Par notre bénévole Lhoucine BENLAIL vice-président de diplomaticnews.net

Le Maroc traverse l’une de ces phases éprouvantes où le silence des palais se fait plus assourdissant que le fracas des crises. Depuis plusieurs semaines, une question autrefois murmurée dans les alcôves de Rabat s’est muée en une préoccupation majeure : où est le Roi ? Alors que les rumeurs sur l’état de santé de Mohamed VI s’épaississent, l’absence du monarque dessine un vide institutionnel profond que les communiqués officiels ne parviennent plus à combler.
Peut-on réellement gouverner un royaume par l’absence ? La question est devenue éminemment politique. Lorsqu’un Roi, clé de voûte de l’édifice constitutionnel, s’efface de la scène publique, c’est l’équilibre même de la nation qui vacille. Le peuple se retrouve suspendu à un silence qui laisse le champ libre aux conjectures les plus sombres.
Une image restera gravée : le podium de la Coupe d’Afrique des Nations. Ce théâtre de gloire est devenu le décor d’un vide historique. Cependant, au-delà de l’absence physique, une nouvelle fracassante vient d’ébranler les certitudes : la vente massive d’une partie importante de son patrimoine en France.

Qui détient réellement le pouvoir de signature ? La question est d’autant plus troublante que l’état de santé du souverain ne lui permet plus, selon toute vraisemblance, d’assurer sa présence physique pour de telles transactions ou même de paraître en public. Comment un homme dont on dit les jours comptés peut-il procéder à une telle liquidation de ses biens ?

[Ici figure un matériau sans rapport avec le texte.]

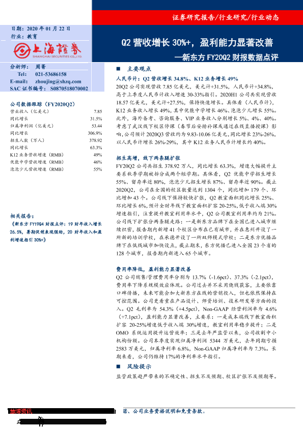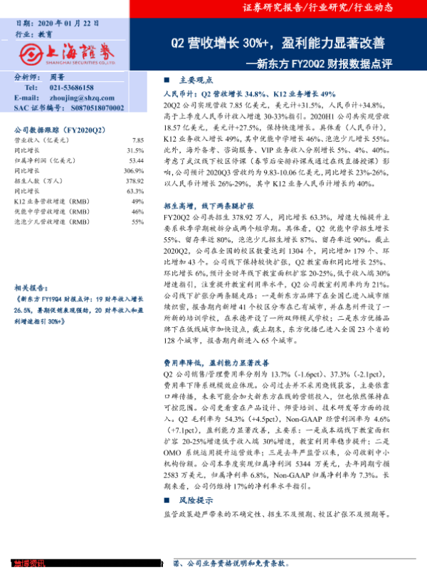 【上海证券】【20200122】教育:新东方FY20Q2财报数据点评:Q2营收增长30%+,盈利能力显著改善-6页

/ Une interrogation s’impose avec force : qui a obtenu la procuration ? Qui, dans l’ombre de la maladie, manœuvre les leviers financiers de la Couronne alors que le monarque est hors d’état d’agir ?
Cette précipitation à transformer le patrimoine immobilier et financier en liquidités ressemble à une préparation de « l’après », menée par un entourage dont l’identité et les intentions restent floues. L’absence du Prince Héritier lors du triomphe de la CAN, remplacé par son oncle Moulay Rachid, ne fait qu’accentuer ce sentiment de déshérence. Si le cœur du pouvoir est paralysé au point de déléguer jusqu’à la symbolique de la remise du trophée, c’est que la régence de fait est déjà en marche.

Le Maroc de 2026 ne peut naviguer à vue. Cette opacité, doublée de manœuvres financières d’envergure dont le signataire réel reste inconnu, n’est plus une pudeur protocolaire, elle devient un risque stratégique majeur.
Combien de temps le Palais pourra-t-il maintenir ce rideau de fer ? L’histoire enseigne que le vide finit toujours par être comblé. Il est temps que la clarté succède aux ombres car, derrière la question de la procuration et la liquidation des biens, c’est l’avenir de la stabilité du Royaume qui se joue.